WORK TO BE COMPLETED |
Would you return the listing that follows exactly, leaving its pictures behind?

DATA EXCERPT |
★ ★ ★
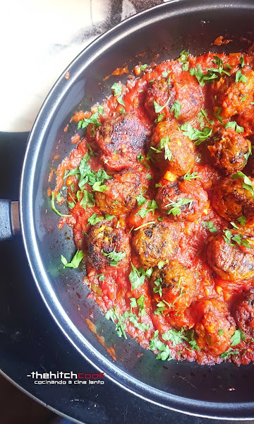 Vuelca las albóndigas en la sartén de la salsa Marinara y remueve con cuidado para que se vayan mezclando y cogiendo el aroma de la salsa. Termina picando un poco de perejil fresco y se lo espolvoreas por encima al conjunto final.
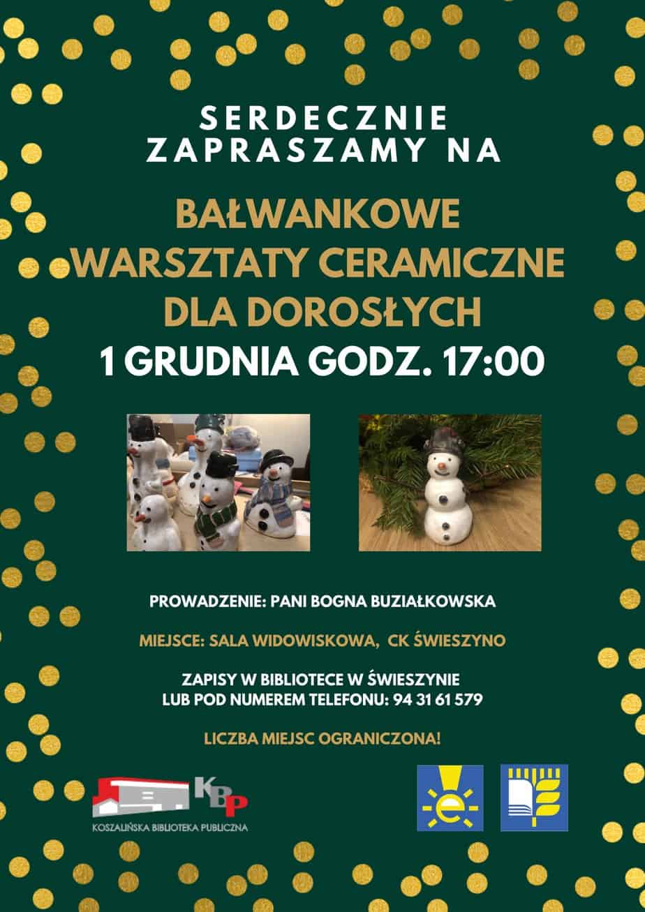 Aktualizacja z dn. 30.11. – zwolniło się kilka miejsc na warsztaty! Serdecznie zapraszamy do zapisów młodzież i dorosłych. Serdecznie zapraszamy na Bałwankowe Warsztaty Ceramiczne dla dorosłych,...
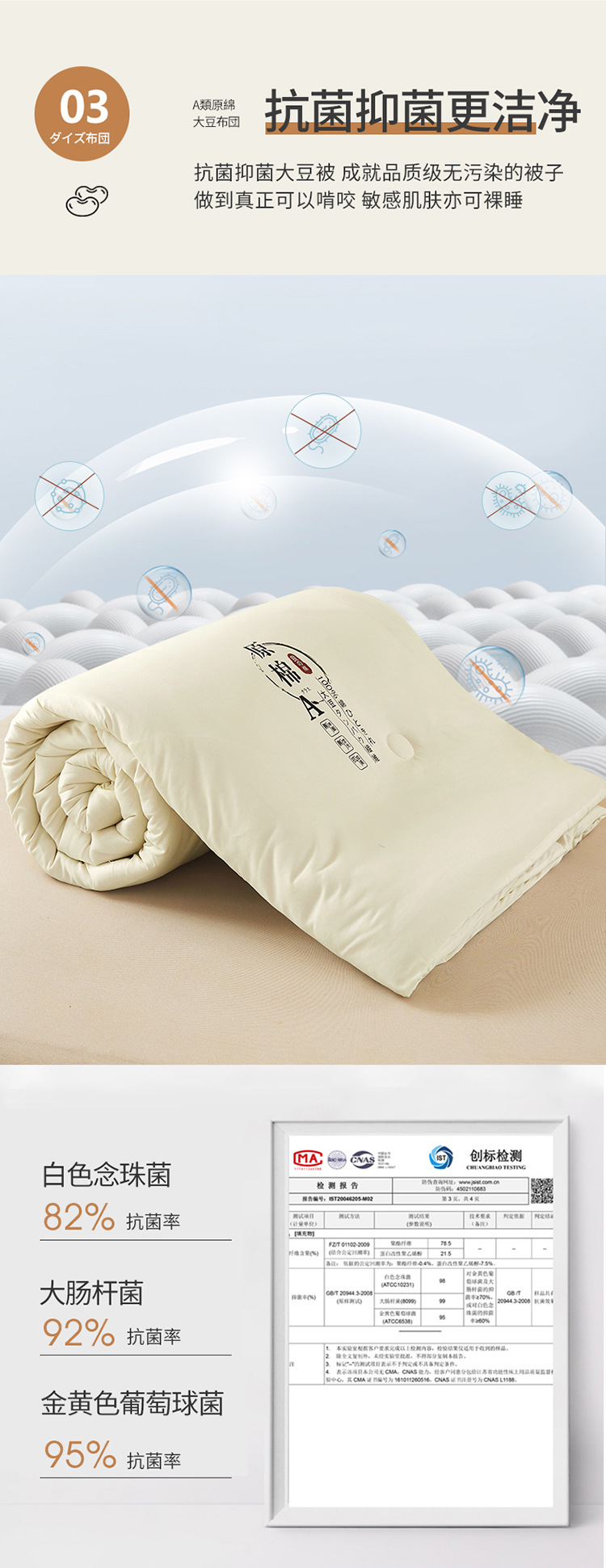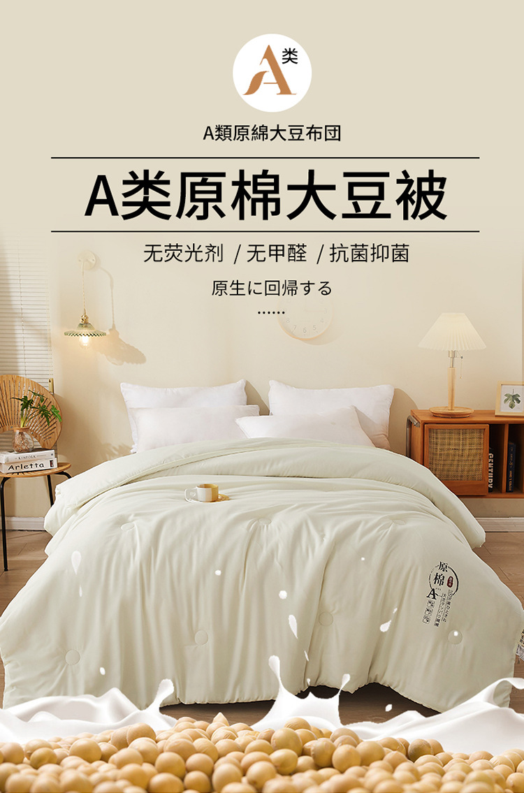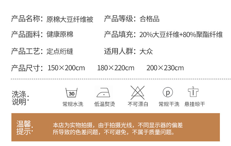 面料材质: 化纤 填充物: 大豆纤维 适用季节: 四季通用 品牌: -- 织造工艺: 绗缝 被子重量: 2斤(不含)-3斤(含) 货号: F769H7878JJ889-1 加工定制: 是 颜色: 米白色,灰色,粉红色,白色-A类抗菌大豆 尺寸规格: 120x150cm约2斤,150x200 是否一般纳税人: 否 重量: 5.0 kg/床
★ ★ ★
SOLUTION |
 Vuelca las albóndigas en la sartén de la salsa Marinara y remueve con cuidado para que se vayan mezclando y cogiendo el aroma de la salsa. Termina picando un poco de perejil fresco y se lo espolvoreas por encima al conjunto final.
 Aktualizacja z dn. 30.11. – zwolniło się kilka miejsc na warsztaty! Serdecznie zapraszamy do zapisów młodzież i dorosłych. Serdecznie zapraszamy na Bałwankowe Warsztaty Ceramiczne dla dorosłych,...
 面料材质: 化纤 填充物: 大豆纤维 适用季节: 四季通用 品牌: -- 织造工艺: 绗缝 被子重量: 2斤(不含)-3斤(含) 货号: F769H7878JJ889-1 加工定制: 是 颜色: 米白色,灰色,粉红色,白色-A类抗菌大豆 尺寸规格: 120x150cm约2斤,150x200 是否一般纳税人: 否 重量: 5.0 kg/床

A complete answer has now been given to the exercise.